At first glance, it had all the makings of a major drug bust. About 40 Lodi police and firefighters raided a commercial warehouse Tuesday, Sept. 14, and found 30 pot plants worth roughly $4,200, along with two pounds of what appeared to be crystal methamphetamine.
But the bust turned out to be, well ... a bust.
The Lodi man and his mother who rented the 1,500-square-foot shop had medical marijuana cards, making their small pot-growing operation perfectly legal. And the meth? That turned out to be plain old deodorizer used to mask the pungent smell of maturing marijuana plants.
But the case has highlighted the murky rules surrounding the legal cultivation of marijuana for medicinal use. Police are often forced to navigate the uncharted territory of determining which growing operations are legitimate and which are not.
“It puts the city in a very difficult position in terms of enforcement,” said Stephen Schwabauer, Lodi’s city attorney.
He said city officials have had to hold back from setting marijuana guidelines for law enforcement because state regulations are ever-changing, and any standards established by Lodi officials in the meantime will likely have to be altered.
The cultivation and distribution of medical marijuana isn’t governed by any California regulations. The state leaves it to county and city governments to establish pot-growing guidelines, which vary widely. For example, San Joaquin County allows 6 mature plants or 12 immature plants and up to 8 ounces of processed marijuana for legal operations. Sonoma County, meanwhile, allows the growing of up to 30 plants and permits the possession of three pounds of marijuana.
Although patients are required to receive a doctor’s prescription before obtaining a medicinal marijuana card, there is no system in place for various jurisdictions to keep track of who has them, according to George Mull, Sacramento attorney and founder of the California Cannabis Association. The result is that police have to decide which suspected pot building to raid and which to leave alone.
“You’re asking a police officer to act like a judge,” Mull said.
Police raided the warehouse on Auto Center Drive because neighboring businesses complained about the smell of marijuana wafting through the walls. Narcotics officers monitored the building for several days and unsuccessfully tried to contact the renter, Darren Dean.
“(The smell is) strong enough to upset us,” said Jeff Kester, owner of Embroidery Works next door to the growing house. “You’ve got to open the door so you don’t get a headache.”
Closer observation by narcotics investigators revealed that the building was using six times the amount of electricity commonly used by similar-sized tenants. Dean had told the property owner that the space was being used to store painting materials. Ladders, drop cloths and painting supplies were stored alongside the custom-built marijuana growing structure inside the small warehouse.
Part of the concern from city officials is safety. Firefighters frequently respond to fires started by poorly built marijuana growing equipment. Last month, an apartment in Boulder Creek near Santa Cruz was damaged by a fire sparked by jerry-rigged lighting fixtures in an in-house pot garden.
In fact, it is more common for pot growers to be cited for building code violations than for growing the drug itself, according to Mull. Growers frequently overtax indoor electrical lines by adding additional outlets for lights meant to nourish the plants. The moisture given off by indoor marijuana gardens can also lead to problems with toxic black mold.
Mull said he couldn’t think of any state law that specifically prohibits growing in industrial buildings, and the laws that apply to ordinary indoor vegetable growing generally apply to marijuana growing operations as well.
“Unless you have an ordinance in place, you don’t need a special permit (to grow marijuana),” he said.
But marijuana advocates like Mull and law enforcement officials agree that the lack of an official permit process has led to misunderstandings like the Dean raid.
“There’s no way to know unless someone puts a sign in front of their house saying they’re a legal grower,” said Gary Armstrong, retired Stockton police officer and past president of the California Narcotic Officers Association.
According to Lodi spokesperson Jeff Hood, the Lodi Fire Department spent $1,600 for 18 hours of overtime for fire responders for the Dean incident.
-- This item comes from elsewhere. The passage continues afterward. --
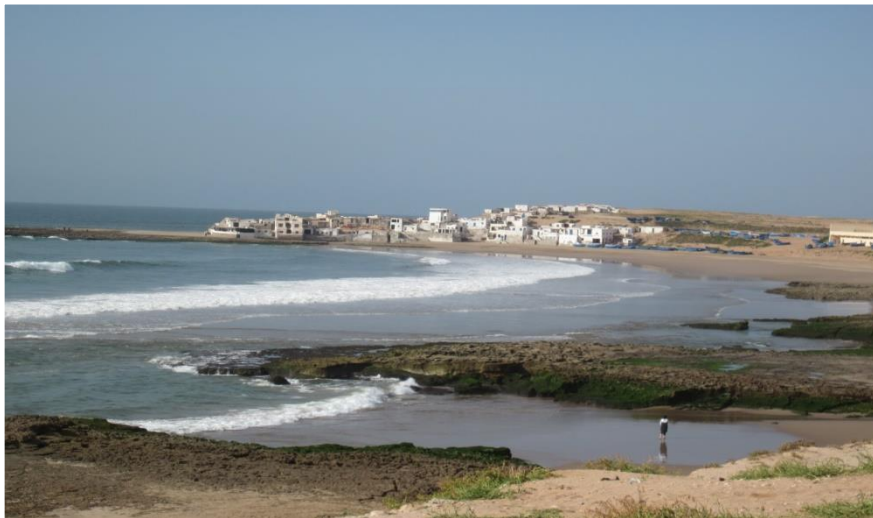
Village de Pêcheurs de TIFNIT

Dés 9 heures, après le petit déjeuner, vous prenez la direction du charmant petit village de pêcheur de TIFNIT. Après avoir consacré de nombreuses photos au charme de ce village, vous vous rendez à AGADIR, où vous accédez à la Citadelle historique, vous découvrez aussi le port de plaisance et sa superbe Marina, ainsi que la magnifique baie d'AGADIR, réputée comme l'une des plus belles du monde, avant de parcourir les avenues du centre ville Européanisé. A l'heure du repas de midi, vous êtes conduit dans un restaurant populaire du port de

The Lodi Police Department didn’t incur any extra cost from the raid, but Hood said the real costs come from lost opportunity and wasted time.
“It would be a lot easier if it was a legal prescription drug that you picked up at the pharmacy,” Schwabauer said.
In November, Californians will vote on whether to further broaden the definition of legal pot and enact some form of taxation. Proposition 19 permits local governments to impose and collect taxes from marijuana growers and sellers. Proponents hope the initiative will help clear up some of the confusion over how to regulate the substance. Law enforcement officials almost universally oppose the proposition, saying it will further muddy the waters of drug enforcement.
Regardless of whether the law passes, the sale and possession of marijuana remains illegal under the federal Controlled Substances Act.
According to Dean’s neighbors, he has been allowed two weeks to harvest his crop before the property owner begins the process of evicting him.
“I’d like to know if this is legal or illegal — bottom line,” said Armstrong.